What's the difference between LangChain and LangGraph?
LangChain is a general-purpose framework for building LLM applications with chains and agents. LangGraph extends LangChain with graph-based workflows, offering more explicit control flow, state management, and debugging capabilities for complex, stateful applications.
Are these frameworks suitable for enterprise use?
Yes, several frameworks are enterprise-ready including Semantic Kernel (Microsoft), LangChain with enterprise features, AutoGen, and n8n. Consider factors like security, scalability, compliance, vendor support, and integration capabilities when choosing for enterprise use.
How do I choose between multi-agent and single-agent frameworks?
Choose multi-agent frameworks (AutoGen, CrewAI, LangGraph) when you need specialized agents working together, complex workflows with different roles, or parallel processing. Single-agent frameworks work well for simpler, linear tasks or when you want to start simple and scale up.
What programming languages are supported?
Python is the most widely supported language across frameworks. TypeScript/JavaScript is supported by LangChain, n8n, and LangGraph. C# developers should consider Semantic Kernel. Java support is available in Semantic Kernel. Check each framework's documentation for specific language support.

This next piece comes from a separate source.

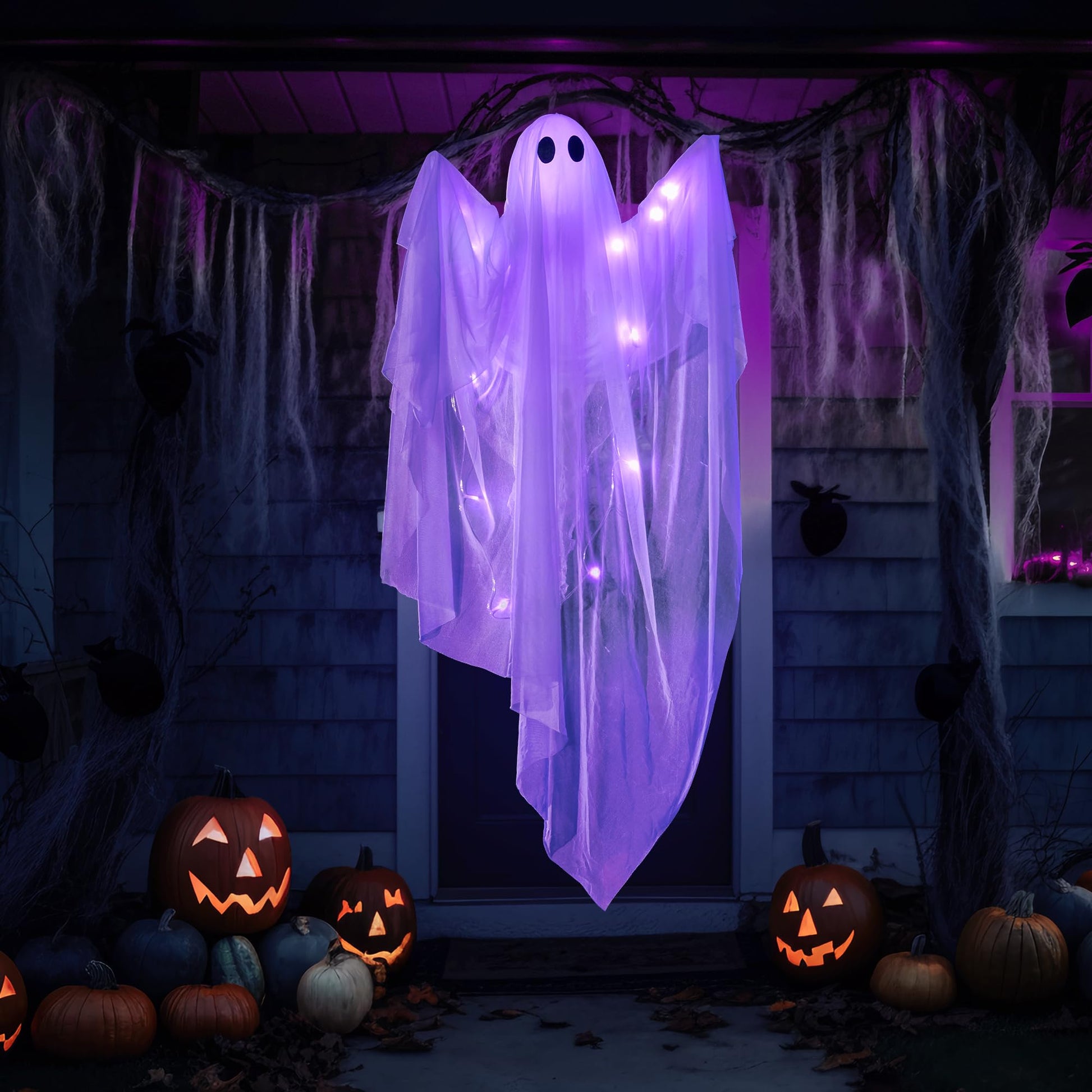 - REALISTIC HALLOWEEN DECOR: Our hanging ghost features a realistic appearance that is sure to impress your guests. With intricate details, such as a creepy purple light, it looks like it's ready to scare your guests, friends, and trick-or-treaters.

Are these frameworks free to use?
Most frameworks offer open-source versions that are free to use. However, some have commercial features, enterprise support, or cloud hosting that require payment. Check the pricing details for each framework, especially for commercial use or advanced features.
How do I handle framework updates and compatibility?
AI agent frameworks are rapidly evolving. Follow framework roadmaps, join their communities, use version pinning in production, test updates in staging environments, and consider the framework's stability and update frequency when choosing for production use.